I could do this as a "currently reading" title with periodic updates, but too much is going on, so I'm just going to leave a few notes here and there.  You can follow, or not, as you choose.



Regis bases her analysis of the content of romance novels on the literary theories of mid-20th century critic Northrop Frye.  She seems, therefore, to be trying to fit the popular fiction form of the romance novel into the academic model of "literature," as though the two were almost entirely distinct.  Any prose narrative that has already been accepted as "literature" by the credentialed academic community -- such as Pride and Prejudice or Jane Eyre -- has been granted respect.  Regis seems to be attempting to squeeze romance novels into the same mold while at the same time insisting they are so different from literature that they cannot be considered literature, but if they can be seen to share some characteristics, then they might be worthy of some respect.


Yes, it's contorted logic.  But Regis never comes out and admits romance novels -- as they are written, published, read, and enjoyed today -- are essentially no different in content or form from "literature."  That would be academic sacrilege.  A kind of "separate, but sort of equal" compromise that would allow her to sell her book without losing her academic standing.
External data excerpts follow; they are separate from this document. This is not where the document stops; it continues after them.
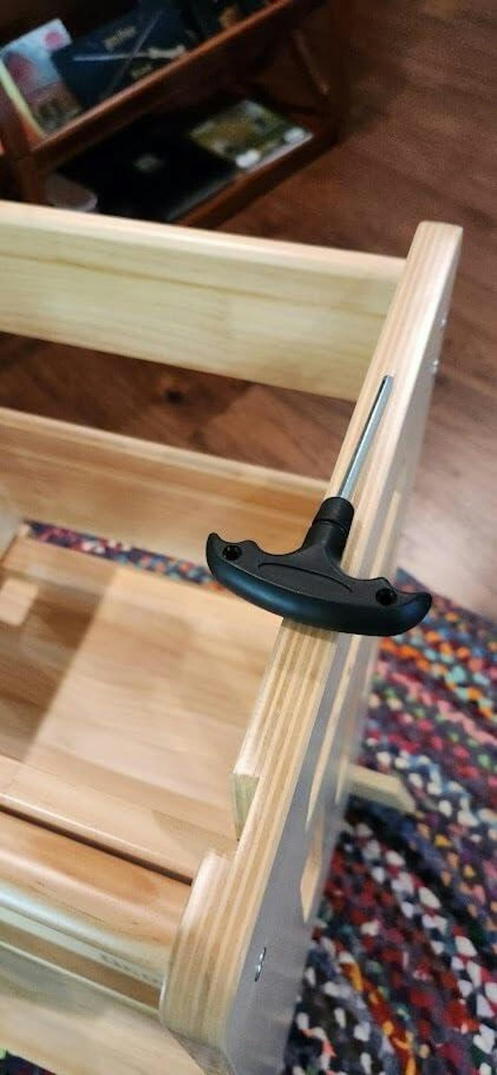 I think this is the nicest learning tower I've seen - the sliding safety panel is great to keep those little ones secure inside without falling through the opening. Assembly was easy with just a few screws on each side, and the included hex key is all you need to put this together.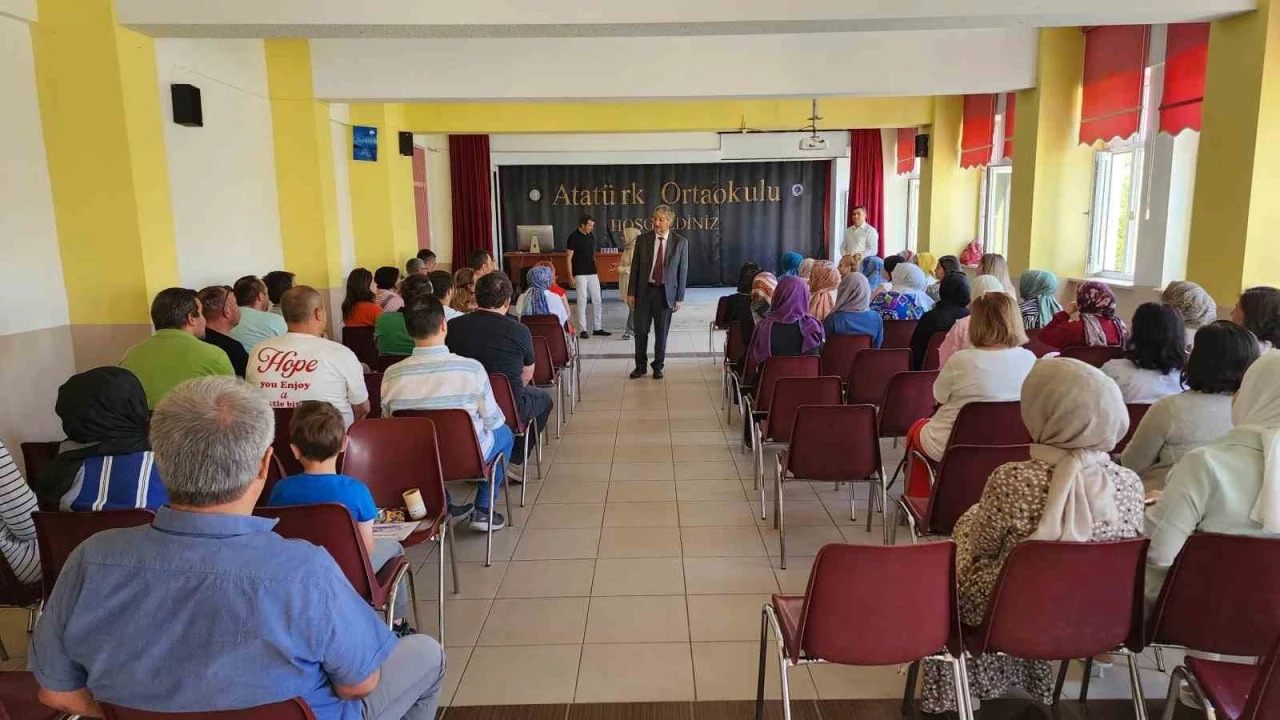 Konuşmasında velilerle iş birliğinin önemine de değinen Müdür Mustafa Yılmaz, çocukların akademik başarısının yanında toplumsal hayata güçlü bireyler olarak hazırlanabilmesi için veli desteğinin vazgeçilmez olduğunu vurguladı. Rehberlik hizmetlerinin güçlendirilmesi, yetenek yönelimli okul tercihlerinin artırılması ve mesleki eğitime yönlendirmenin gerekliliği üzerine örneklerle dikkat çekti.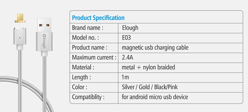 Micro USB Cable Magnetic Charger For Android Mobile Phones

Jane Austen didn't write "literature."  Neither did Charles Dickens.  Neither did Wilkie Collins or Victor Hugo.  Maybe it's time to look at more than a few samples from "literature," samples which already have the stamp of "romance novel," and look at more than a few samples of real romance novels from the late 20th and early 21st centuries, and compare them to a more neutral standard, and perhaps a more universal standard.  Then see how both of them stand up.